I invite inquiry and practice.



Good morning Will. I am reminded of Dee Hock and his acronym CRUSTTI ( I had to school AI to finally make the correct selection!)
Dee Hock's CRUSTTI acronym stands for the
Capacity to Receive, Utilize, Store, Transform, and Transmit Information. He developed this concept as part of his "chaordic" theory of organization, which emphasizes a blend of chaos and order.
Hock, the founder of Visa, used CRUSTTI to analyze how the massive growth in information handling capacity was changing society and accelerating institutional failure. He believed that this exponential increase in information flow necessitated more organic, less hierarchical organizational structures.
I am adding this to the conversation because the work of Dee Hock has been used to make many cases that miss his point. There is an excellent interview series with the man in the years before his death in 2017.
Brilliant!
Perhaps worth considering:
The categories of "governance intelligence" and "economic intelligence" feel like cheating to me. All the other categories are general properties of any life form's information processing. But "governance intelligence" or "economic intelligence" are too specific. Its like you picked "banana eating intelligence" for monkeys, or "plumbing intelligence" for people.
Once you have specific categories, you obscure how the other, higher order kinds of intelligence are required for CP. I no longer need to think about how emotional intelligence combines with structural intelligence to create CP governance, because now I have thing thing called "governance intelligence"
I recommend reading the chapter on Alfred Binet in Gould's Mismeasure of Man. Binet invented a variety of intelligence tests to identify learning disabilities. He specifically warned not to collapse all test numbers into a single overall intelligence number, because they represented fundamental cognitive operations.
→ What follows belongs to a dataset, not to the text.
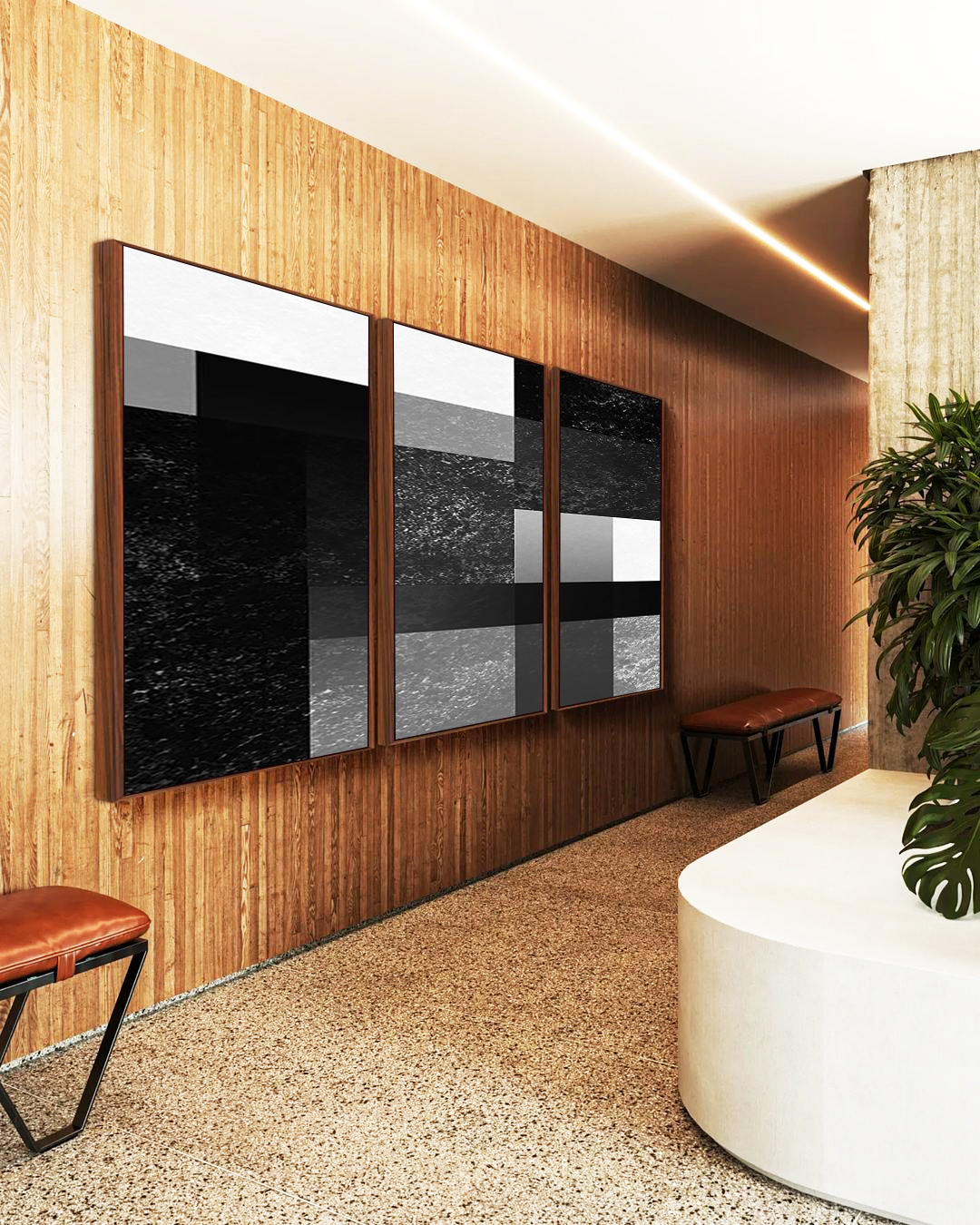 Elegância e equilíbrio definem este Trio de Quadros de composição geométrica em tons neutros. A escolha certa para transformar sua sala de estar, quarto ou escritório em um ambiente sofisticado, com arte contemporânea e personalidade.

If you knew the kid did well with linguistic understanding but poorly with logic, you could give her tutoring in logic. You know what is missing. Of course the elitists at Stanford immediately did what he warned against, and collapsed all the different tests into a single metric (the Stanford-Binet test, aka IQ).
"Governance intelligence" from my POV also collapses the useful categories. You cannot say what is missing, because you collapsed it all into one "governance intelligence" entity.